:: To do ::
When you reach the line holding "bague saphir à" in the material below, return that line and each one after it, word for word, with the pictures dropped.

:: Data below ::

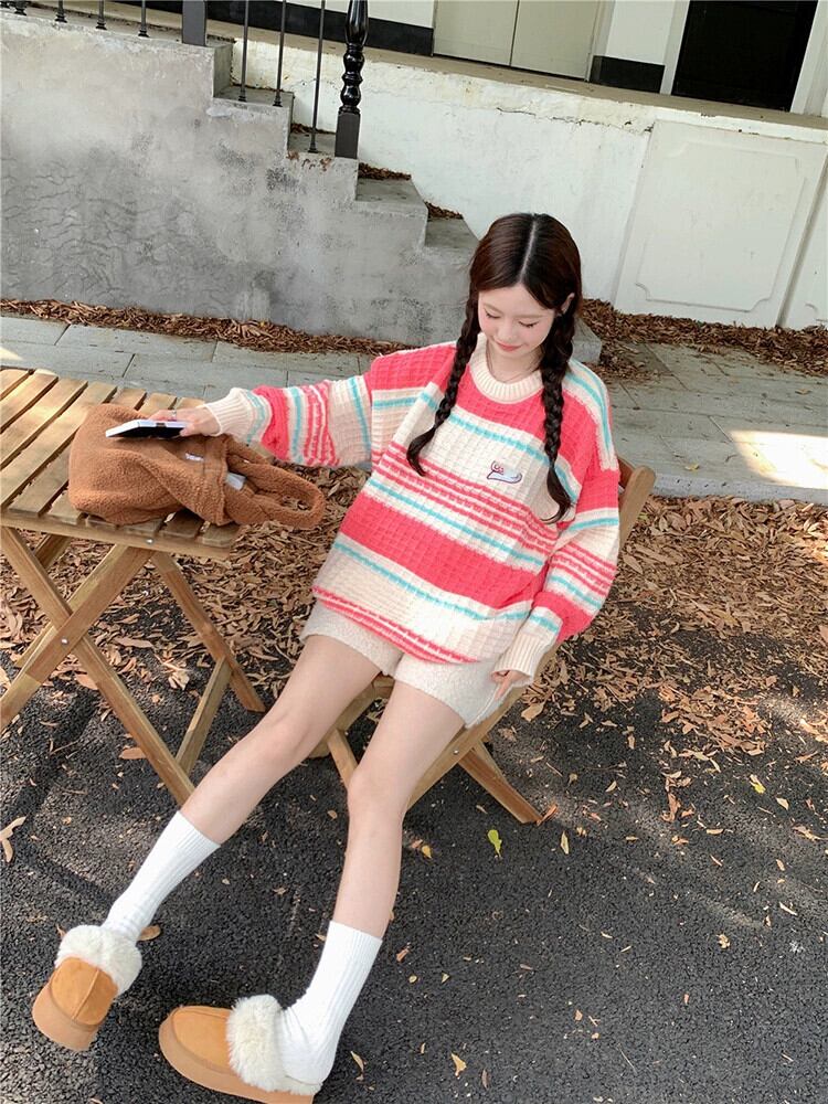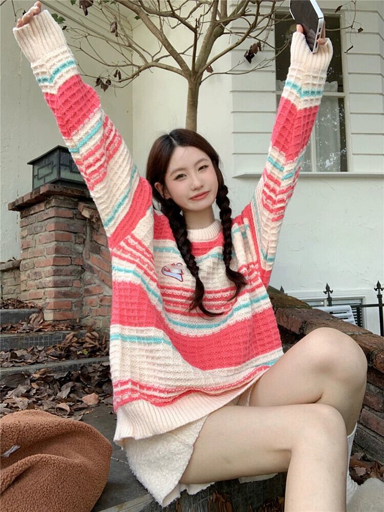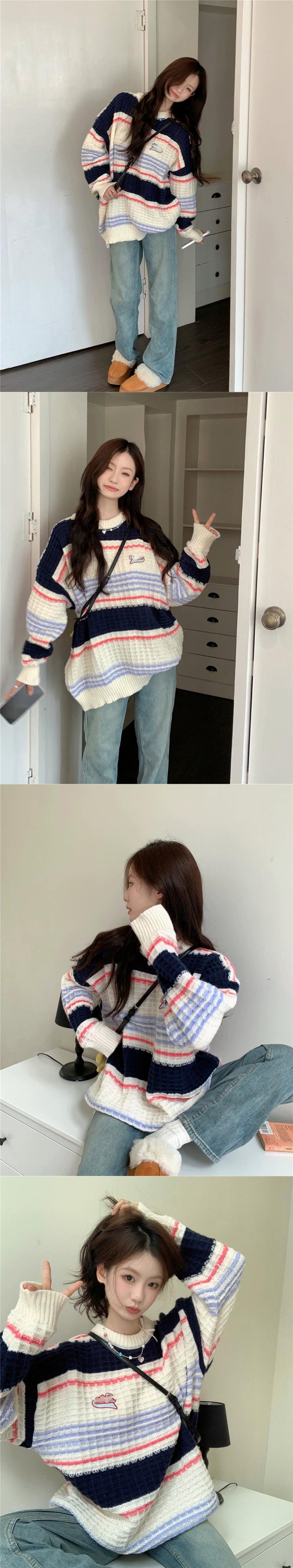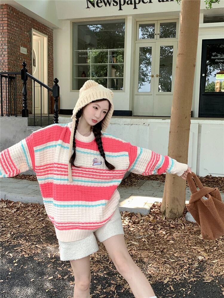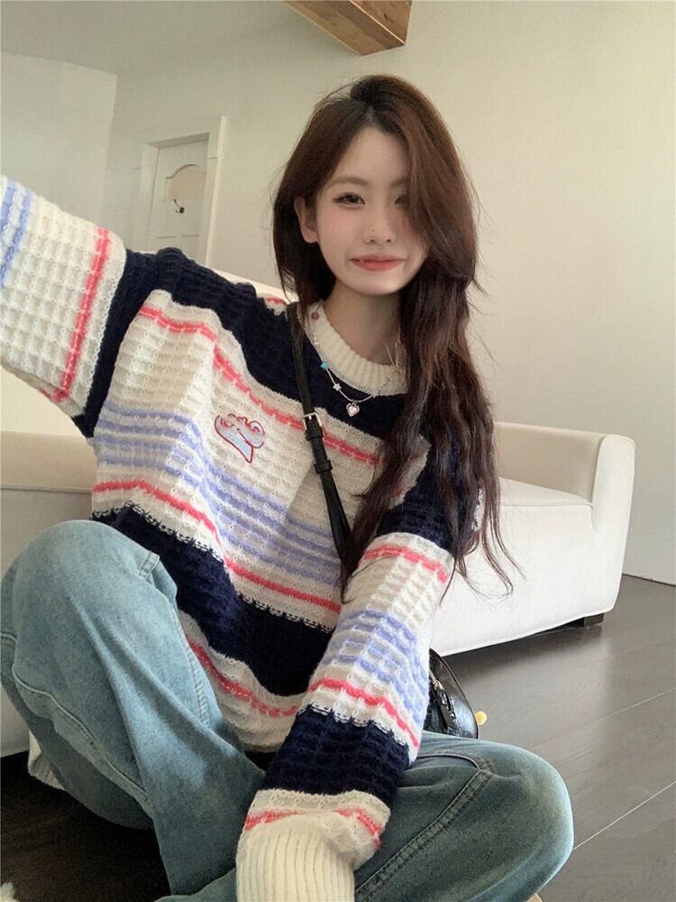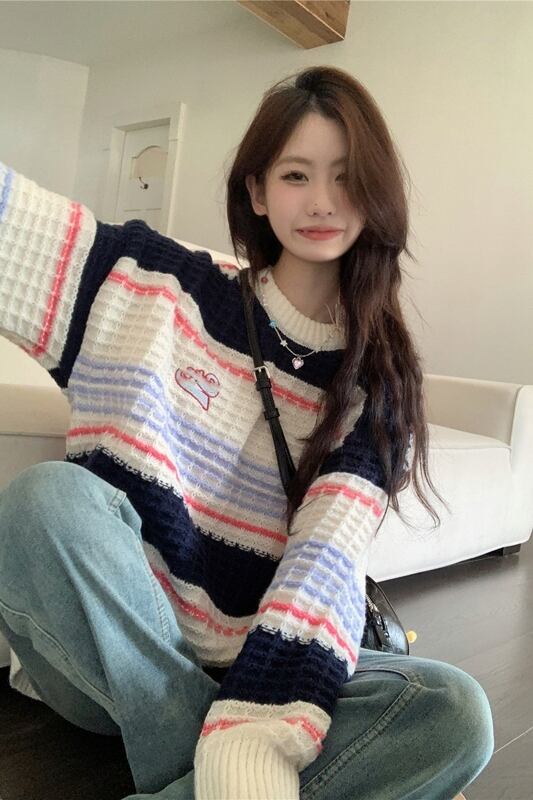 コントラストストライプ長袖セーター秋スタイル 2023 新ファッションルーズプルオーバーアウターニットトップ女性 ロング オータム 秋物 missk92617143827
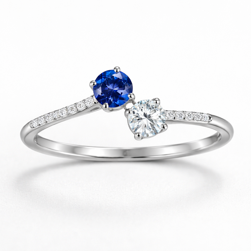 bague saphir à nos doubles avec diamants , minimalist style
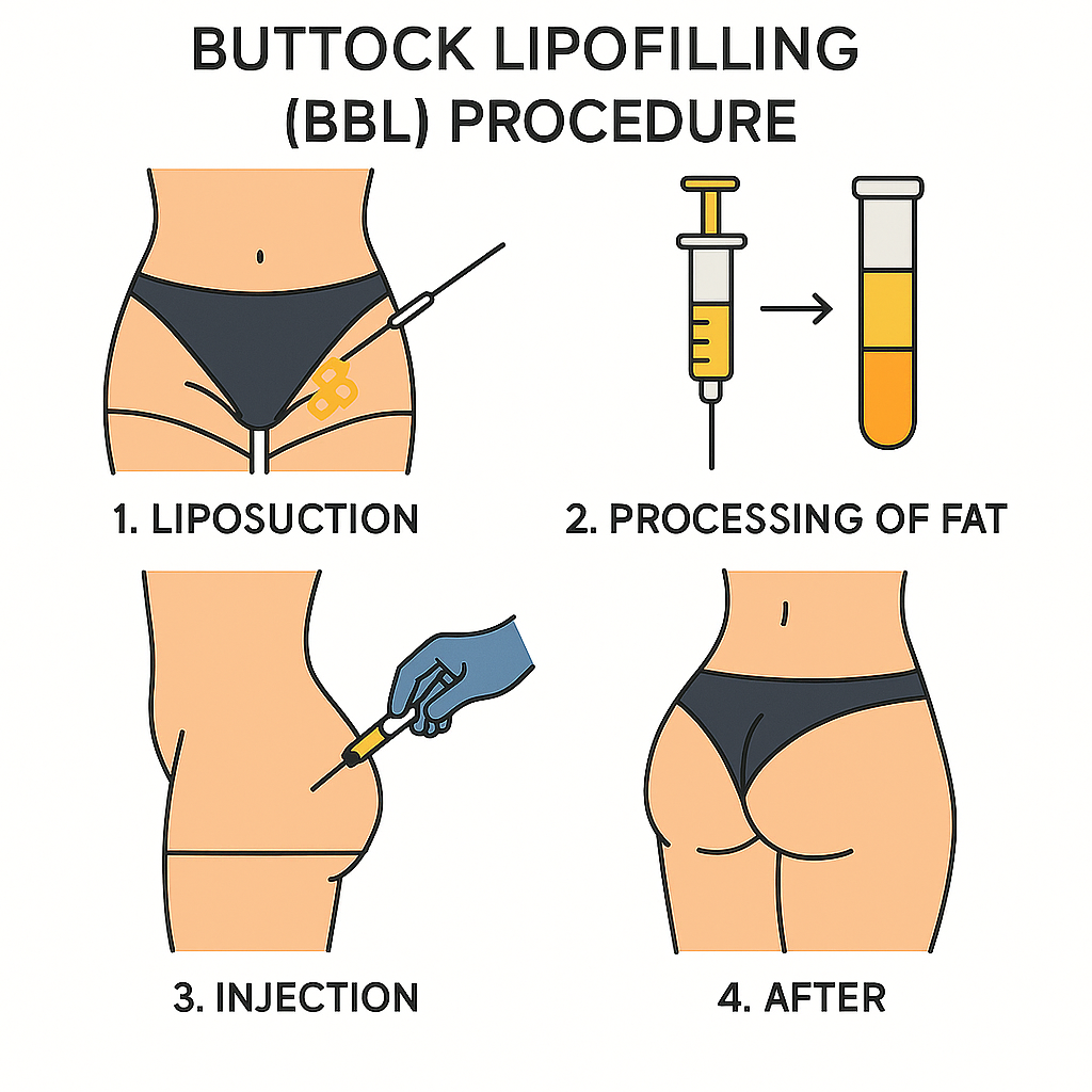 Buttock lipofilling, also known as a Brazilian Butt Lift (BBL), is a cosmetic procedure that enhances the volume, shape, and contour of the buttocks using the patient’s own purified fat. Unlike implants, which rely on silicone devices, lipofilling uses natural tissue harvested from areas such as the abdomen, thighs, flanks, or back. This dual approach not only refines body proportions through liposuction but also restores balance and harmony to the silhouette by transferring fat where it is most desired.

:: Response below ::
 bague saphir à nos doubles avec diamants , minimalist style
 Buttock lipofilling, also known as a Brazilian Butt Lift (BBL), is a cosmetic procedure that enhances the volume, shape, and contour of the buttocks using the patient’s own purified fat. Unlike implants, which rely on silicone devices, lipofilling uses natural tissue harvested from areas such as the abdomen, thighs, flanks, or back. This dual approach not only refines body proportions through liposuction but also restores balance and harmony to the silhouette by transferring fat where it is most desired.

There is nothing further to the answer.